The little car braked and slid sideways as it tried to make the left turn with its wheels nearly locked. It slid off the road and came to a stop with both right wheels over the edge. It leveled the gun once more at Dr. Planck and fired at point blank range. The little car, however, was teetering on the edge and it slipped just as it fired. The bullet made another thud in Dr. Planck’s ears as it passed over the top of his windshield. He jammed the transmission into first gear and roared toward the enemy. He slammed his brakes on just before the impact and tapped the little car just hard enough to topple it over the edge. It rolled over three times as it started its descent, hit a large rock, which turned it ninety degrees; and it cartwheeled end over end all the way to the bottom.

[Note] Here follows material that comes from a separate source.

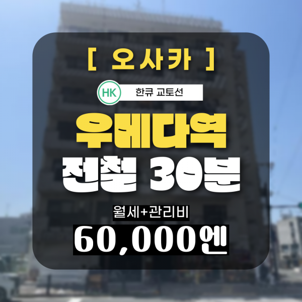 [오사카][MDOS240082] 1K / 월세 53,000엔 / 관리비 7,000엔 / 시키킹X

Shaken, but with the boldness of a winner, Dr. Planck looked over the edge into the chasm. He could see nothing and heard only silence. He looked at the front of his Vette and cursed the scratch in the chrome bumper. He stooped to inspect the damage without first considering the implications of the attack. Climbing behind the wheel once more, he rested both hands on the steering wheel and laid his head down on his hands to calm himself and thought, What the hell’s going on? That was a hit car, and you know about them. But who could have sent it after me? How did I get on somebody’s list? How?